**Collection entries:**
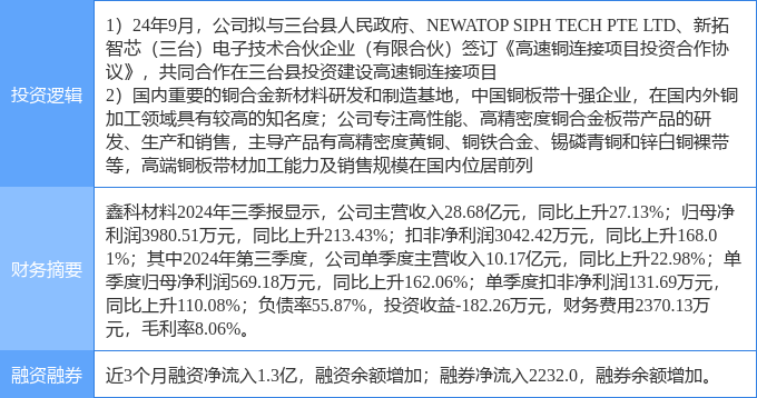该股为铜缆高速连接器,有色 · 铜,有色金属概念热股,当日铜缆高速连接器概念上涨3.96%,有色 · 铜概念上涨0.47%。
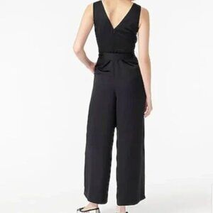 NEW J. Crew V-Neck Wide Leg Jumpsuit Tie Waist Black Matte Satin Sheen NWT Sz 14
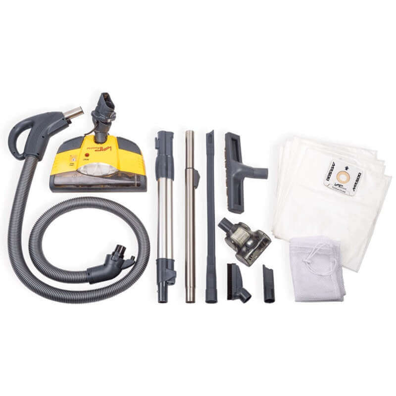 Vento features include 1400 watts total cleaning power, adjustable suction controls, extra large floor head with bright LED lighting, 200 watt electric rotating brush, brush jam reset button, ultra tight turn radius, quiet efficient operation, 26′ retractable power cord, on board tool storage, and the largest selection of included accessories.
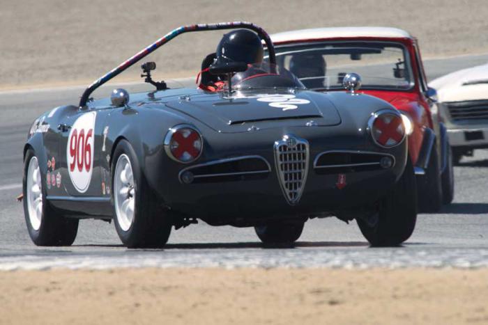 That Spider is a local car to me. It's fast. Peter Inshaw owns and drives it. The 3rd car back is a Datsun Roadster, I think driven by my friend Tim at Laguna Seca a few years ago.I was just looking at that mid-engined car again. I just realized that's a backwards DeDion rear suspension on there. Crazy. The lower wishbone-shaped pieces coming to a point at the back are the frame rails. The punched arms are the DeDion "trailing" arms, which usually swing rearwards. The silver tube going across in front of the oil tank keeps the hubs parallel. There's got to be a lateral link somewhere in there, and the springs, and the dif, and the half shafts.
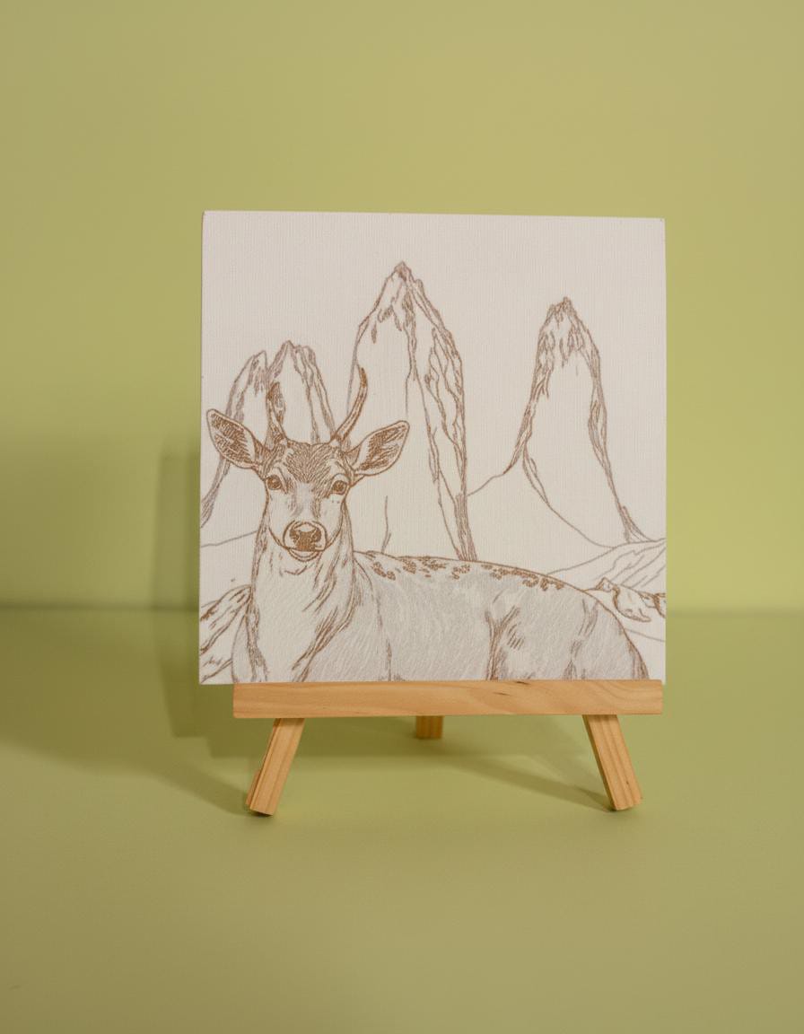 Kit creativo con mini lienzo ilustrado de animales nativos chilenos, acompañado de atril
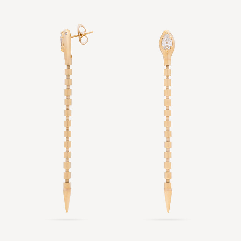Fabriquées à partir d'or jaune 14 carats et composées d'une chaîne souple, les boucles d'oreilles serpent sont extrêmement sexy. Elles dégagent une sensualité certaine grâce à leur mouvement fluide. Au sommet des boucles d'oreilles, repose une tête de serpent en or, ornée d'un diamant de laboratoire en forme de poire. Symbole de pureté et de force, le diamant amplifie l’énergie et clarifie l’esprit.

**Exercise objective:** Reproduce the records exactly, starting with their first line and ending with the line that contains "Kit creativo con", though pictures should be dropped.

**Exercise solution:**
该股为铜缆高速连接器,有色 · 铜,有色金属概念热股,当日铜缆高速连接器概念上涨3.96%,有色 · 铜概念上涨0.47%。
 NEW J. Crew V-Neck Wide Leg Jumpsuit Tie Waist Black Matte Satin Sheen NWT Sz 14
 Vento features include 1400 watts total cleaning power, adjustable suction controls, extra large floor head with bright LED lighting, 200 watt electric rotating brush, brush jam reset button, ultra tight turn radius, quiet efficient operation, 26′ retractable power cord, on board tool storage, and the largest selection of included accessories.
 That Spider is a local car to me. It's fast. Peter Inshaw owns and drives it. The 3rd car back is a Datsun Roadster, I think driven by my friend Tim at Laguna Seca a few years ago.I was just looking at that mid-engined car again. I just realized that's a backwards DeDion rear suspension on there. Crazy. The lower wishbone-shaped pieces coming to a point at the back are the frame rails. The punched arms are the DeDion "trailing" arms, which usually swing rearwards. The silver tube going across in front of the oil tank keeps the hubs parallel. There's got to be a lateral link somewhere in there, and the springs, and the dif, and the half shafts.
 Kit creativo con mini lienzo ilustrado de animales nativos chilenos, acompañado de atril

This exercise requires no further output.